What’s driving this epidemic? Many of the same problems Chicago communities have dealt with for years.

A 2014 study published in the American Journal of Public Health described it like as “long-term economic deprivation, high rates of unemployment, and fewer opportunities for establishing a long-term career with potential for upward mobility.”

Those circumstances put people at a higher risk for self-medication and drug addiction.

At a town hall meeting in Ohio in August, Trump said: “We’re going to take all of these kids — and people, not just kids — that are totally addicted and they can’t break it. We’re going to work with them, we’re going to spend the money, we’re gonna get that habit broken.”

I hope the president does as he promised. The opioid epidemic must be addressed, same as gun violence in Chicago and elsewhere.

But again, look at how the issues are talked about.

In Chicago, people are dying because they’re being shot. But the administration won’t directly highlight the easy availability of guns that flow into Chicago from states with lax gun laws. Instead, we hear about morality.

With opioid addiction, people are dying because they’re overdosing on prescription painkillers and heroin. And we hear plenty about the easy availability of those drugs, but nothing of morality.

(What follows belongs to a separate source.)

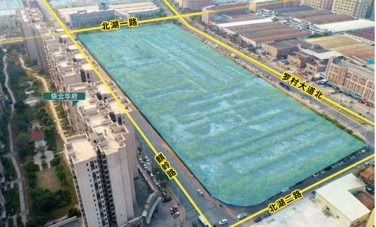 地块位于罗村孝德湖板块,四周有北湖一路、北湖二路、罗村大道等主干道环绕,交通四通八达,且距离在建的佛山地铁3号线“罗村站”仅400米,距离佛山西站和佛山沙堤机场仅2公里,5分钟内坐拥机场、高铁、地铁构成的立体交通体系。
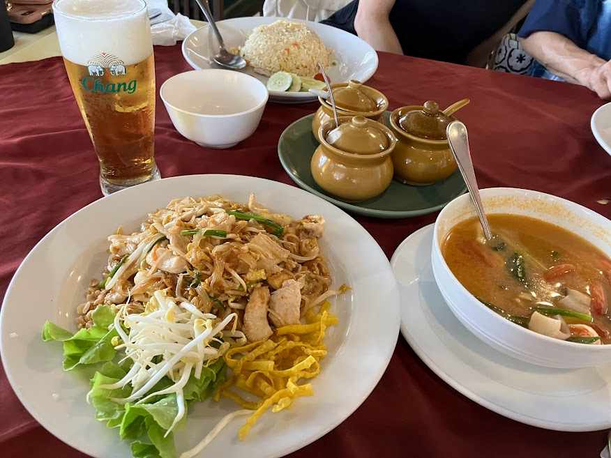 ちょっとぶらぶら散歩した後に食事です。フライドライス・パッタイチキン・パッタイシーフード・トムヤムクン、そしてビール。ビール美味いなぁ。大瓶2本飲むとお腹チャプチャプだなぁ。

In New Hampshire in October, Trump said of his plan to build a wall along the border with Mexico: “A wall will not only keep out dangerous cartels and criminals, but it will also keep out the drugs and heroin poisoning our youth.”

It’s the Mexican drug runners at fault. It’s the fault of the drugs themselves.

“Heroin overdoses are taking over our children and others in the MIDWEST,” Trump tweeted in August.

You don’t — and you won’t — hear Republicans blaming white people or their morals for the opioid epidemic. And you shouldn’t, because, as with gun violence in Chicago, it’s a crisis that bubbled up from an array of circumstances.

But if the argument is that making drugs less available might help save lives in rural areas, logic dictates that making guns less available might help save lives in Chicago.

And if the argument is that white, rural Americans who become addicted to opioids are victims of circumstances beyond their control, it seems that Americans in predominantly minority communities in Chicago shouldn’t have the violence they can’t control pinned on some perceived moral failing.

These are complex issues, and both deserve more serious attention than they’re getting.

But if you’re looking at these tragic situations and feeling sorry for one group while blaming the other, that should give you a clue as to why the violence here in Chicago has gone on so long.

Put simply: It has never been a white people problem.

And if you can’t reckon with that truth, perhaps the morality you need to worry about is your own.